- TASK REQUIREMENTS -
Which lines run from the one containing "本ゲームは、コンタクトレンズ" through the end of the data? Write them out exactly, with the pictures left out.

- PROVIDED MATERIAL -
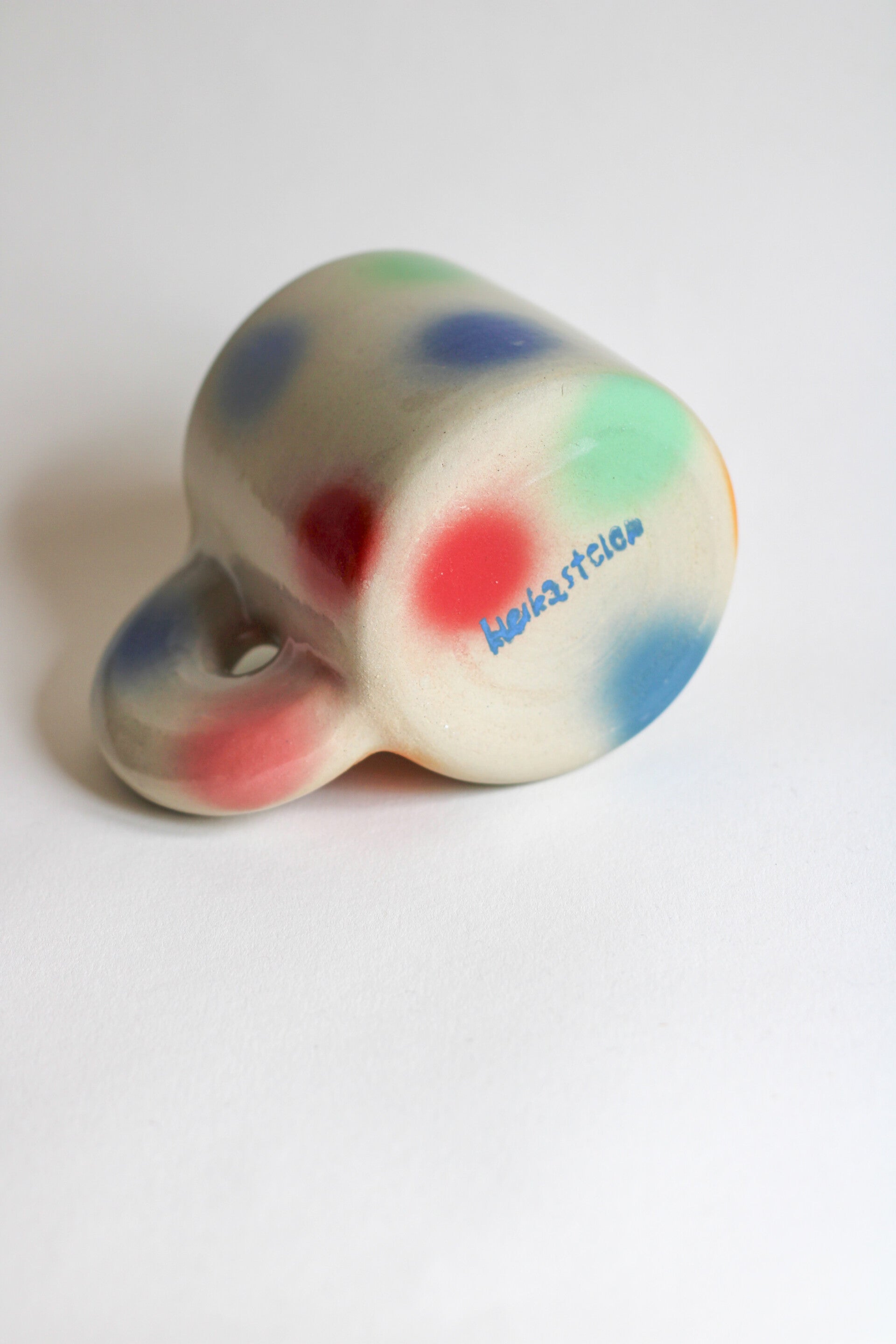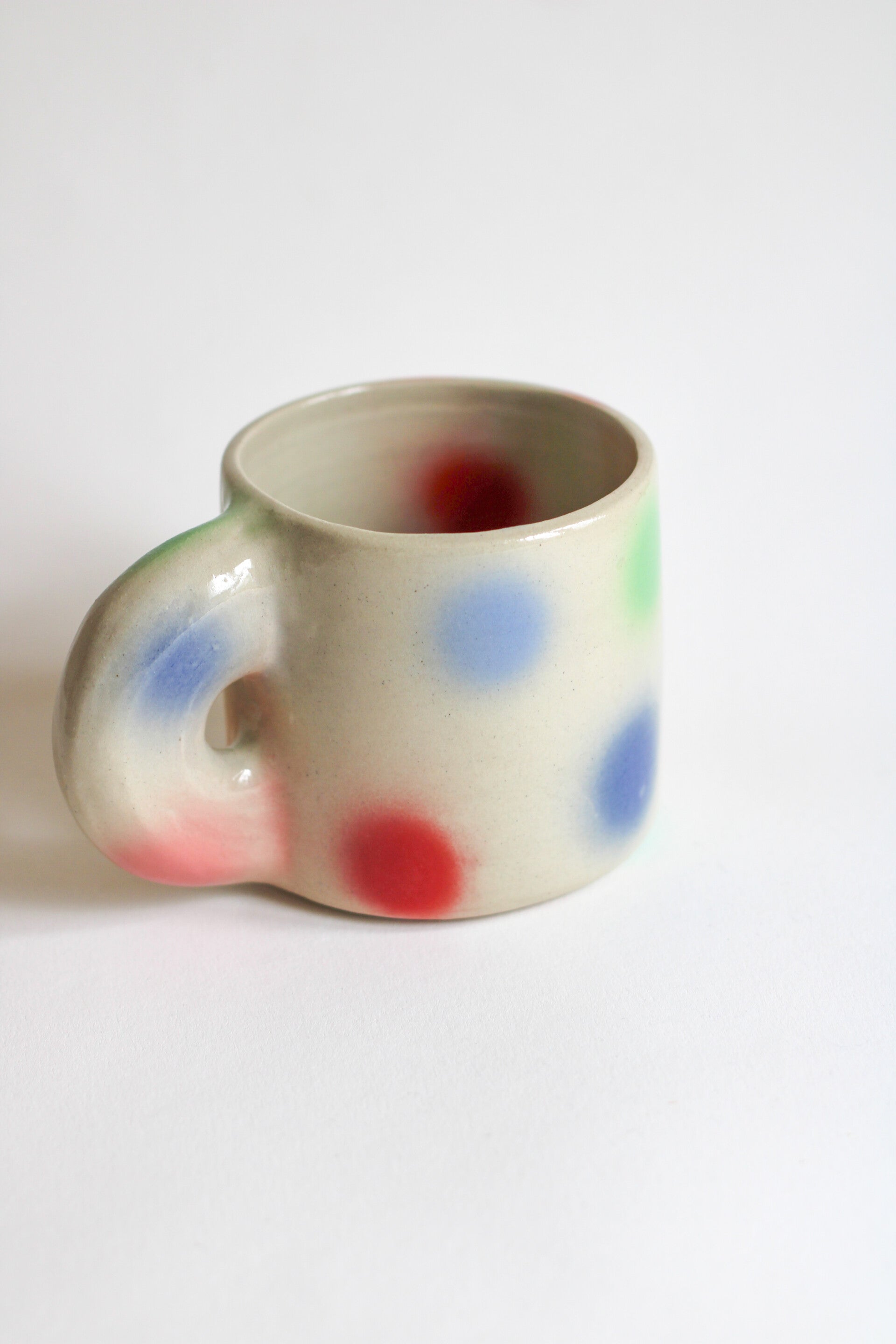 wheel thrown ceramic mug with a chunky ear and colorful, airbrushed dots all over.
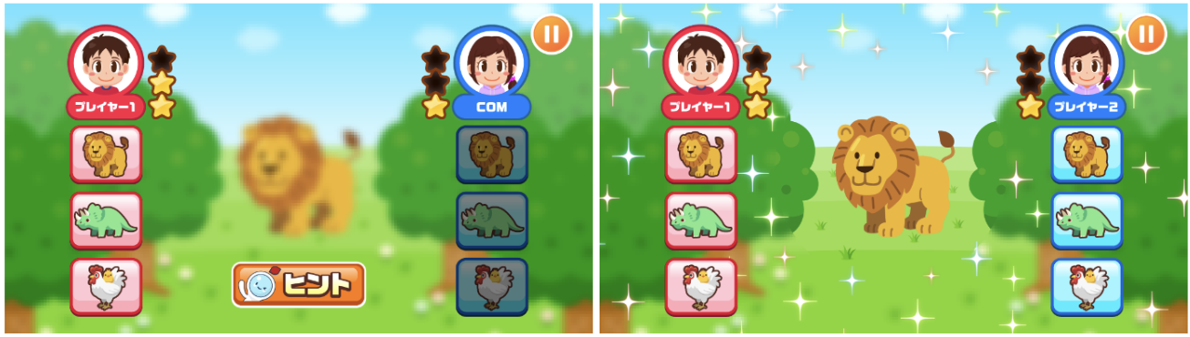 本ゲームは、コンタクトレンズ(ヒント)を使いながら、横切るアイテムを当てる早押しゲームです。ゲームを進める中で、アイテムがはっきりと見えるようになる体験を通じて、コンタクトレンズの効果を楽しく実感できます。コンピューター対戦か2人で遊ぶモードが選べます。(※)
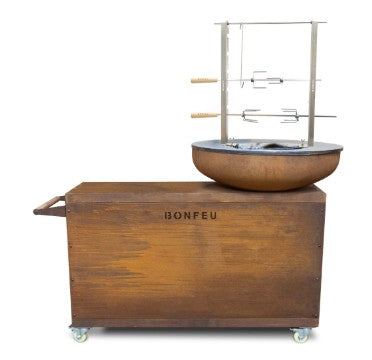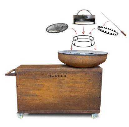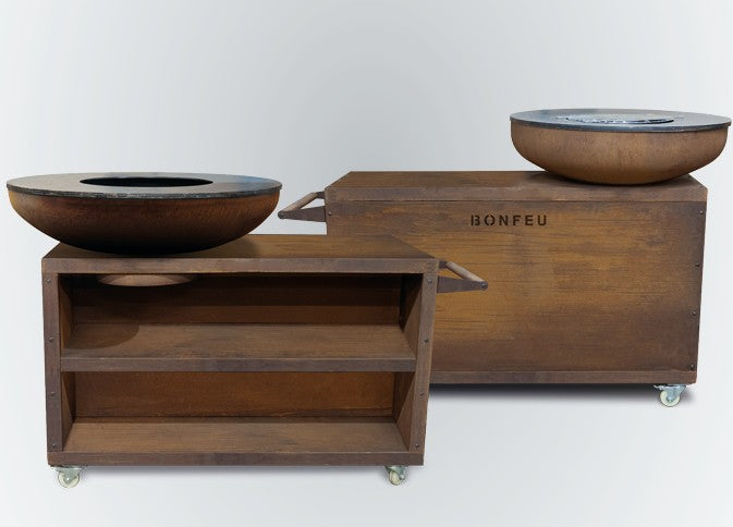 Next to the fire bowl of this mobile outdoor kitchen, there is room for our BonFeu Butcherblock. Under the worktop, you’ll find space for various cooking accessories and extra logs. The stable and beckoning wheels make it easy to place the BonBiza Island wherever you want in your garden. And together with BonFeu’s cooking accessories, the BonBiza Island is a culinary addition to your outdoor space.
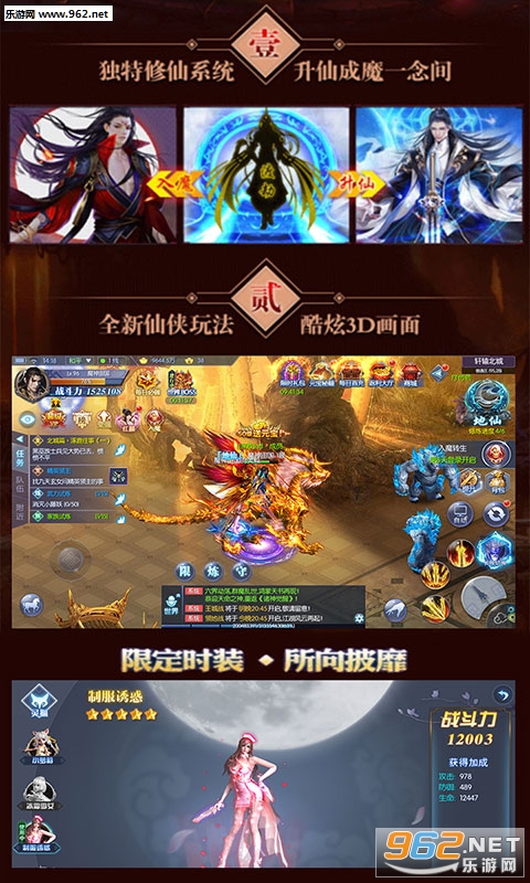 纯正3D且支持千人大世界同时在线,世界boss、领主之战、轩辕城战以及婚姻红颜系统等核心PVP玩法,战火席卷三界!

- OUTPUT BELOW -
 本ゲームは、コンタクトレンズ(ヒント)を使いながら、横切るアイテムを当てる早押しゲームです。ゲームを進める中で、アイテムがはっきりと見えるようになる体験を通じて、コンタクトレンズの効果を楽しく実感できます。コンピューター対戦か2人で遊ぶモードが選べます。(※)
 Next to the fire bowl of this mobile outdoor kitchen, there is room for our BonFeu Butcherblock. Under the worktop, you’ll find space for various cooking accessories and extra logs. The stable and beckoning wheels make it easy to place the BonBiza Island wherever you want in your garden. And together with BonFeu’s cooking accessories, the BonBiza Island is a culinary addition to your outdoor space.
 纯正3D且支持千人大世界同时在线,世界boss、领主之战、轩辕城战以及婚姻红颜系统等核心PVP玩法,战火席卷三界!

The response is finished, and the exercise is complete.